On June 29, 2017 the Department of Homeland Security revised their initial definition of the “close family” exception to the travel ban. (See Blog Entry June 27, 2017) [The designated countries are Syria, Iran, Somalia, Sudan, Libya, Yemen] Now, a close familial relationship is defined as a parent (including parent-in-law), spouse, fiance, child, adult son or daughter, son-in-law, daughter-in-law, sibling, whether whole or half, and includes step relationships. “Close family” does not include grandparents, grandchildren, aunts, uncles, nieces, nephews, cousins, brothers-in-law and sisters-in-law, and any other “extended” family members.

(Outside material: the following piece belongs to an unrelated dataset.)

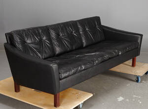 Soffa, 1960-tal. Tresitssoffa. Klädsel av svart skinn. Lösa plymåer. Benställning i betsad bok. Höjd 69 cm, längd 208 cm, sitthöjd 40 cm. Gavel med mindre tryckmärken. Litet hål i sittkudde.

This means that those in the close family relationship category from the six designated travel countries (Syria, Iran, Somolia, Sudan, Libya and Yemen) are eligible to apply for immigrant and nonimmigrant visas, although they will need to establish a bona fide relationship with the person in the United States. DHS published FAQ’s stating that USCIS will continue to interview refugee applicants from the six designated countries, however they will also have to prove a bona fide relationship with a person or entity in the United States.
We at Kalita Law Group will continue to update you as DOS and DHS sort out implementation policy.